The insights and ideas given in the article can be enriched by further understanding following perspectives on human behavior and its modification, in general:

1. The deviant behaviour that causes problems in patient care is not just because of individual but also majorly due to group culture, norms, resources and leadership, including behaviour of other residents/faculty, and leadership style. Hence remedy will lie in dealing with group behavior besides individual behavior. The entire focus of the article [1] seems to be on rectifying the individual. Some research needs to be done where one should examine whether certain departments recurrently have more ‘problem students’ than other departments. This research will prove or disprove our hypothesis that group dynamics also creates ‘problem students’.

2. Behavior change and modification, both at individual and group level, requires professional expertise, and cannot be managed by doctors alone: hence, without professional help it may not succeed.
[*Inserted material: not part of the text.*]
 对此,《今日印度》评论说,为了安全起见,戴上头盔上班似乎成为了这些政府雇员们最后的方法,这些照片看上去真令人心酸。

3. Public shaming process may happen when group consensus technique mentioned for recognition of problem resident will be used, besides violating confidentiality. It contradicts the later mention of confidentiality requirement in the paper.

4. If real long-term solution is sought, behavioral competencies like taking responsibility, and learning attitude, emotional intelligence, self-discipline etc. should be formally taught using experiential methodology during undergraduate and postgraduate training. It should be incorporated by Education Council if Medical Council of India wants to get doctors as per their expectations (mentioned in paper at the beginning) in terms of human qualities. Further, the teaching staff also needs training in building their skills in emotional sensitivity and management of feelings besides leadership skills.
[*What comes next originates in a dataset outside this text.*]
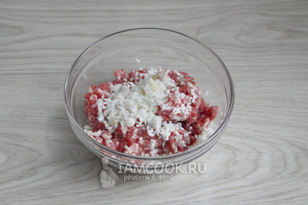 Лук мелко нашинкуйте, чеснок измельчите и соедините это всё с мясным фаршем. Слегка посолите и перемешайте. В данном варианте специи не добавляю, потому что для интересного вкуса вполне хватит лечо.

5. Classification in terms of knowledge, skill and attitude makes the issue too complex to be solved. Briefly, knowledge and skill deficit do not cause problematic behaviour, whereas attitude does. And attitude is too vast a subject involving beliefs, values, evaluation, understanding and feelings. Feelings are the outcomes of attitudes and hence easy to work with. It makes the correction path simple and easy to implement. Enable these people to deal with the uncomfortable feelings more functionally [2]. This is also a long drawn out process of learning through professional trainers/ therapists.

6. Skill deficits such as language, communication etc. do not create ‘problem students’ whereas inability to take constructive feedback may–if the student is highly defensive. Normal defensiveness is there in all of us. Here again student is said to be a problem, whereas inability to take constructive feedback can also be due to judgemental communication by the feedback giver too.

References

1. Kaushik JS, Raghuraman K, Singh T, Gupta P. Approach to handling a problem resident. Indian Pediatr. 2019;56:53-9.

2. Prakash P. Salient behavioural change processes at self-level, In: Iyer L, Rane P, Waturuocha ZO, editors. Learning Crucible: Collective Experiences From T Group Practice. New Delhi: Indian Society for Applied Behaviour Sciences (ISABS); 2014. p. 113-23.